Please write out only the lines from the line with "國家主席習近平2日在人民大會堂會見赤道幾內亞總統奧比昂。" to the line with "吕继宏演唱的国泰民安歌词,国泰民安最新曲谱.", inclusive, exactly as they stand below, without the pictures.

§ **Materials provided**:
- Opening Delimiter -
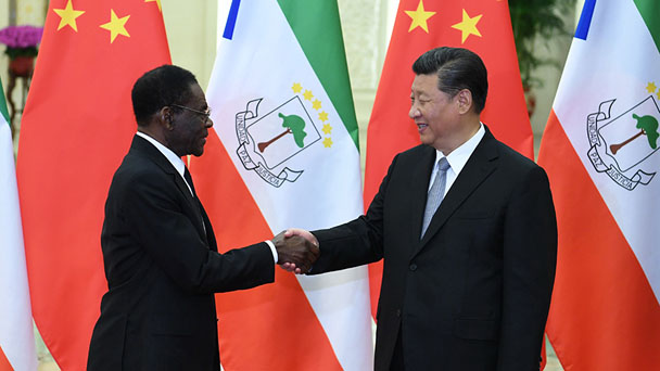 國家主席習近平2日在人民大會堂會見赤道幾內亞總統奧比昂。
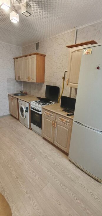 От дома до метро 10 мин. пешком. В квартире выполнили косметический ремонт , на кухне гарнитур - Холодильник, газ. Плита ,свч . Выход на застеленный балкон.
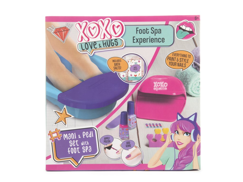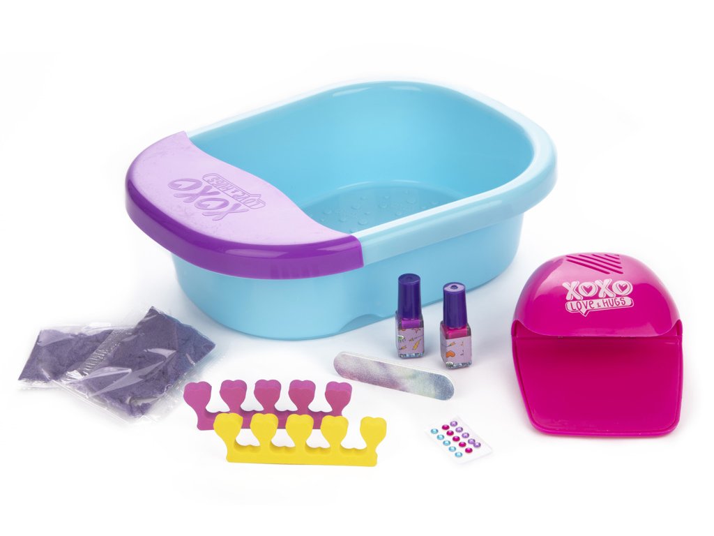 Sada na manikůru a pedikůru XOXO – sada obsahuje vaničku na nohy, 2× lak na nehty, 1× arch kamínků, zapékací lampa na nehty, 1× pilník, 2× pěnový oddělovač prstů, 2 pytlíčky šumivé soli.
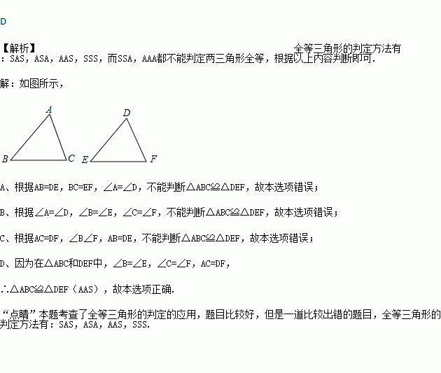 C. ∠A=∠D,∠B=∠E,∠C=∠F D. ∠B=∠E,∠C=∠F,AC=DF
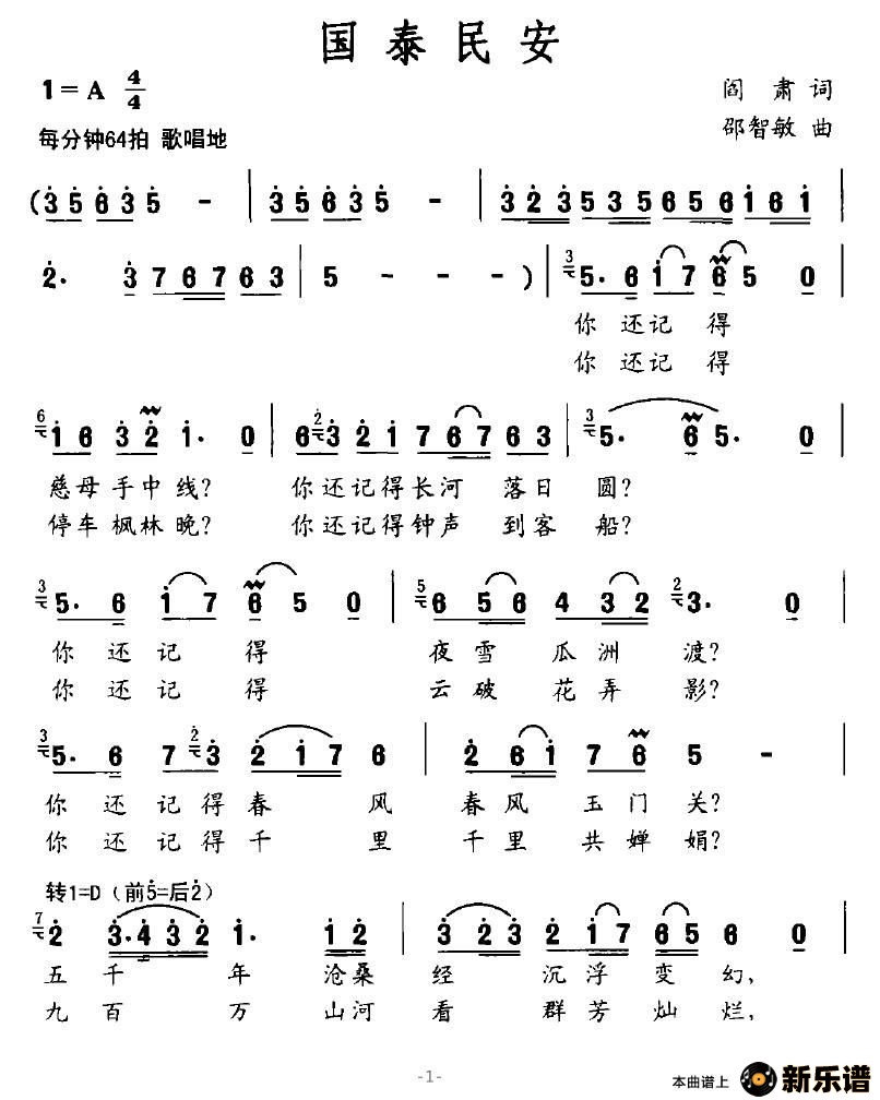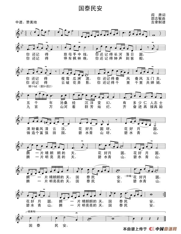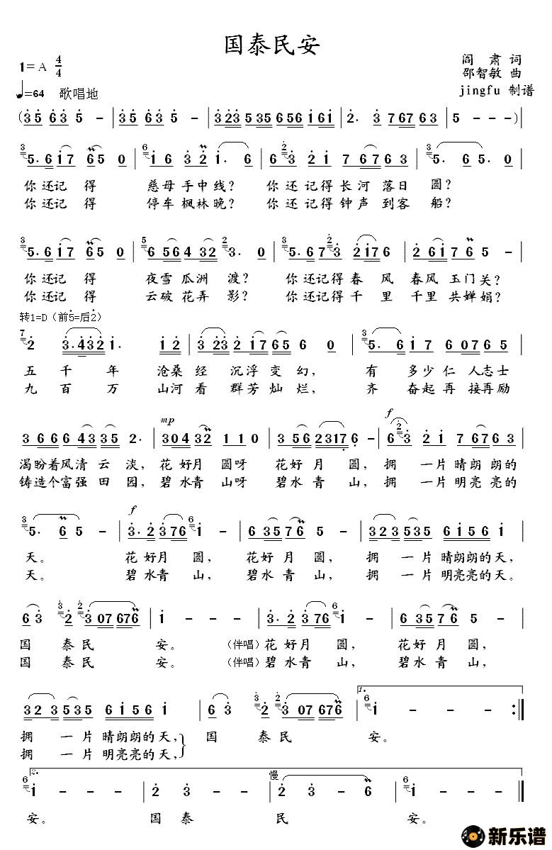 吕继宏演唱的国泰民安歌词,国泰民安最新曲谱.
- Closing Delimiter -
- Opening Delimiter -
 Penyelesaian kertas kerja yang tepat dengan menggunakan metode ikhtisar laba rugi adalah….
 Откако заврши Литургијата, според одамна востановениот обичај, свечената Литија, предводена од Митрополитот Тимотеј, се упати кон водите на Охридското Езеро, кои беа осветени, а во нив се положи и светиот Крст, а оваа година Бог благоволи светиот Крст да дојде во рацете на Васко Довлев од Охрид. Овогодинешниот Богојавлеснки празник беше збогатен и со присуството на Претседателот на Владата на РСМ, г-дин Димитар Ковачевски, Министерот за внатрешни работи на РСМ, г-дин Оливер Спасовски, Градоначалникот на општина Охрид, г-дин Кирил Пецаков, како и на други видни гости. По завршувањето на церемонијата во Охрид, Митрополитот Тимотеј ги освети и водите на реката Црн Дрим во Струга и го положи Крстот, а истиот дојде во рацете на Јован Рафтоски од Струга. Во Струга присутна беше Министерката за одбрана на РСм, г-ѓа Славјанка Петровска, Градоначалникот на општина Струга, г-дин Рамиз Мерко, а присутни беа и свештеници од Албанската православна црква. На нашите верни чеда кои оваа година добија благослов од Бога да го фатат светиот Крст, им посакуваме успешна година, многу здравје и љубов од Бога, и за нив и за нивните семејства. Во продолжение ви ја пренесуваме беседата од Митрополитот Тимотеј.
- Closing Delimiter -
- Opening Delimiter -
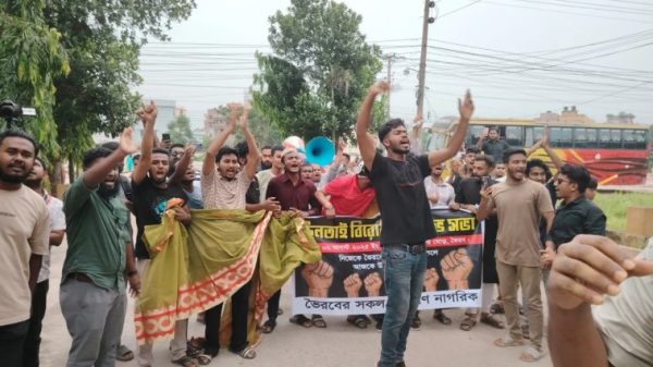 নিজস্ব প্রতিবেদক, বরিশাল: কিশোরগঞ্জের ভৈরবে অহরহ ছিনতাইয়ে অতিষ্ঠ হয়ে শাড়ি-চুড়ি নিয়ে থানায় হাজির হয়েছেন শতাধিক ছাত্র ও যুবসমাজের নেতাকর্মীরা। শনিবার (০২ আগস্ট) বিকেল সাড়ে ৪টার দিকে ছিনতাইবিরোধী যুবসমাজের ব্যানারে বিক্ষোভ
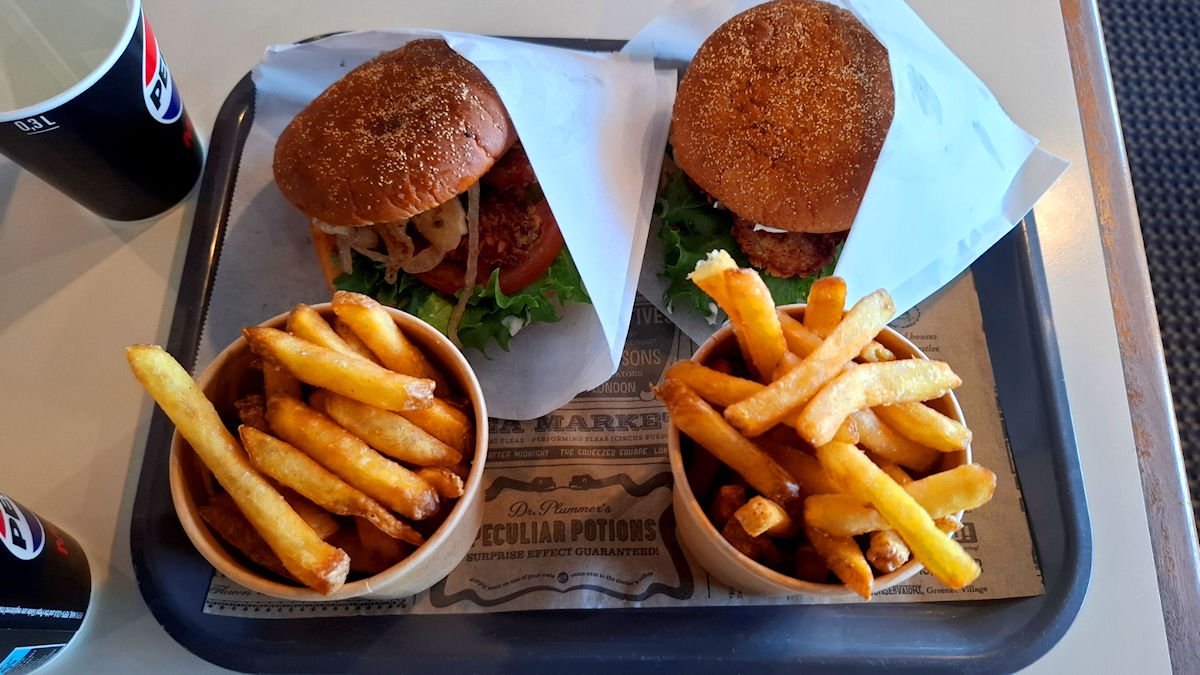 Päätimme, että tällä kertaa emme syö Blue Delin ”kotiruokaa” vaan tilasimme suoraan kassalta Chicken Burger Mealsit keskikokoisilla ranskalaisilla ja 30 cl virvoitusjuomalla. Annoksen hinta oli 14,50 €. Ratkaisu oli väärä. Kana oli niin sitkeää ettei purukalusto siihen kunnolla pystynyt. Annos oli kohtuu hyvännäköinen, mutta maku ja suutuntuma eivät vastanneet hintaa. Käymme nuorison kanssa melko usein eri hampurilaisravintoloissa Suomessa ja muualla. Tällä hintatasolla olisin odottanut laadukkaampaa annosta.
- Closing Delimiter -
§ **Response box**:
 國家主席習近平2日在人民大會堂會見赤道幾內亞總統奧比昂。
 От дома до метро 10 мин. пешком. В квартире выполнили косметический ремонт , на кухне гарнитур - Холодильник, газ. Плита ,свч . Выход на застеленный балкон.
 Sada na manikůru a pedikůru XOXO – sada obsahuje vaničku na nohy, 2× lak na nehty, 1× arch kamínků, zapékací lampa na nehty, 1× pilník, 2× pěnový oddělovač prstů, 2 pytlíčky šumivé soli.
 C. ∠A=∠D,∠B=∠E,∠C=∠F D. ∠B=∠E,∠C=∠F,AC=DF
 吕继宏演唱的国泰民安歌词,国泰民安最新曲谱.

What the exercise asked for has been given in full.